In part (c) I showed that
$f(x) – s_i(x) = \frac{f^{(4)}(\zeta_i)}{4!}(x-x_i)^2(x-x_{i+1})^2$.
Part (d) says…
Let $s$ be a piece-wise Hermite cubic interpolation such that $s(x)=s_i(x), x_i \leq x \leq x_{i+1}, i=0,…,n-1$. Use part (c) to show that,
$$
|f(x)-s(x)| \leq \frac{h^4}{2^4 \cdot 4!} \cdot max_{[a,b]}|f^{(4)}(x)|,
$$
where $a=x_0, b=x_n,$ and $h = max_{[0,n-1]}|x_{i+1}-x_i|$.

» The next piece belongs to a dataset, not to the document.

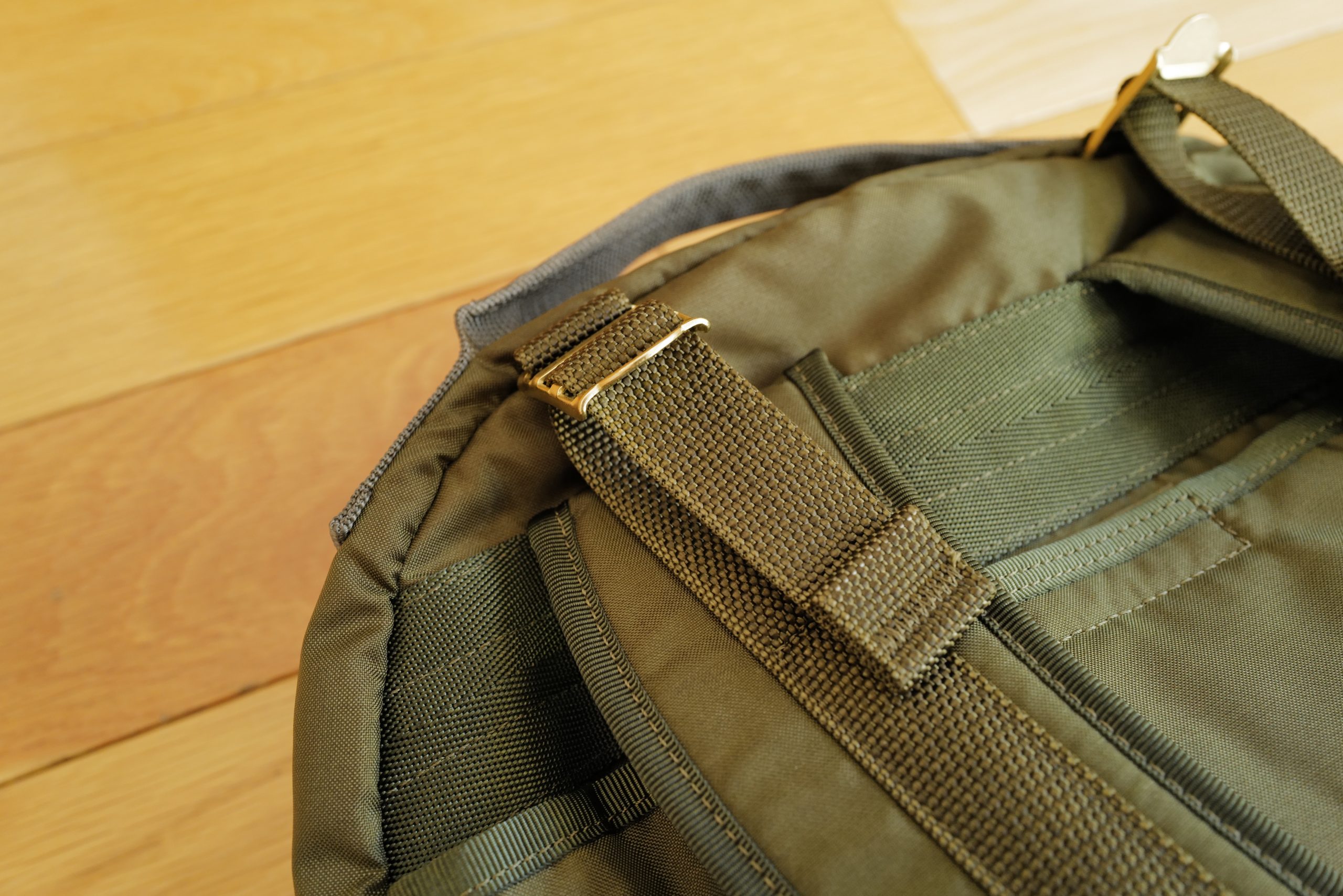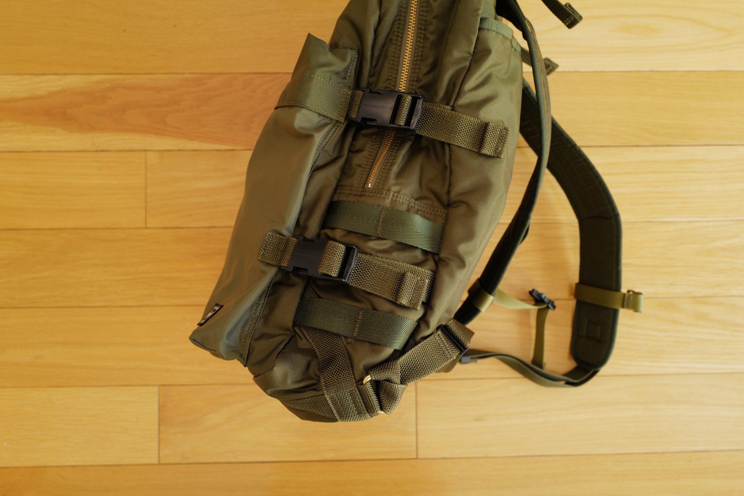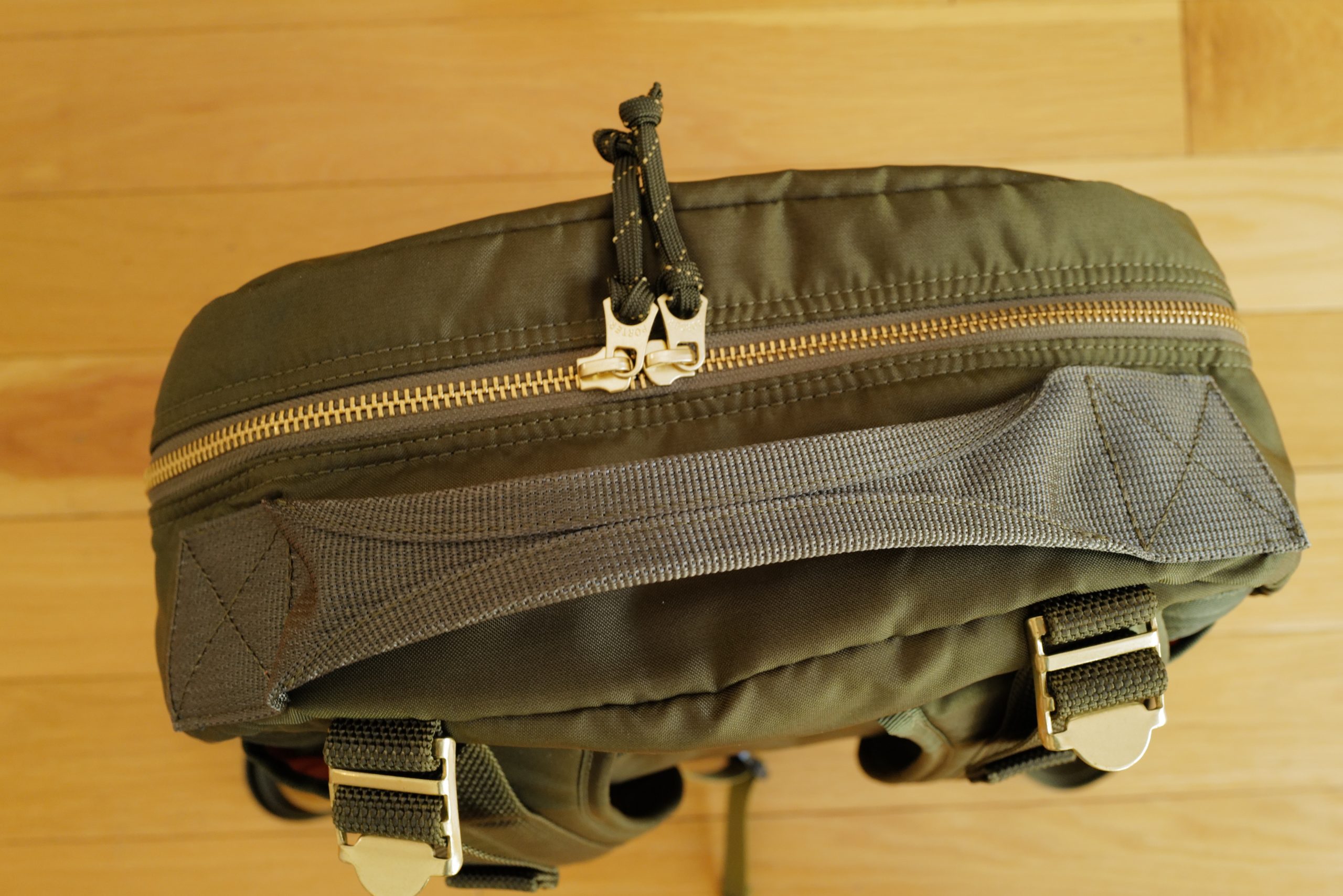 This bag has two sets of compression straps — I love compression straps when they are well done. To be well done, they must actually be able to compress the bag — otherwise they are just extra crap for no reason. Porter has not let me down here. The top strap attaches right at the seam with the front pocket, and can pull the bag all the way tight to the side release buckles. The bottom compression interestingly attaches to the front pocket itself, giving you a bit more length to compress, as well as the ability to pull the bottom of the front pocket taught. I’ve yet to have the bag full enough to worry about that, but it’s an interesting attachment point.

If $s(x)$ is equal to $s_i(x)$, then why do we maximize the right side?
Best Answer
(b) $p$ has double roots at $x_i,x_{i+1}$ and a single root at $x$. This gives that $p'$ has roots at $x_i,x_{i+1}$ and inside the intervals $(x_i,x)$ and $(x,x_{i+1})$. Now with these 4 roots continue as you expected to do.
(d) the formulation is a little unfortunate, the $x$ on the left side is different from the $x$ on the right side. The aim is to have the right side uniform over the interval, independent of the $x$ on the left side. So better write $$ |f(x)-s(x)| \leq \frac{h^4}{2^4 \cdot 4!} \cdot \max_{\xi\in[a,b]}|f^{(4)}(\xi)|, $$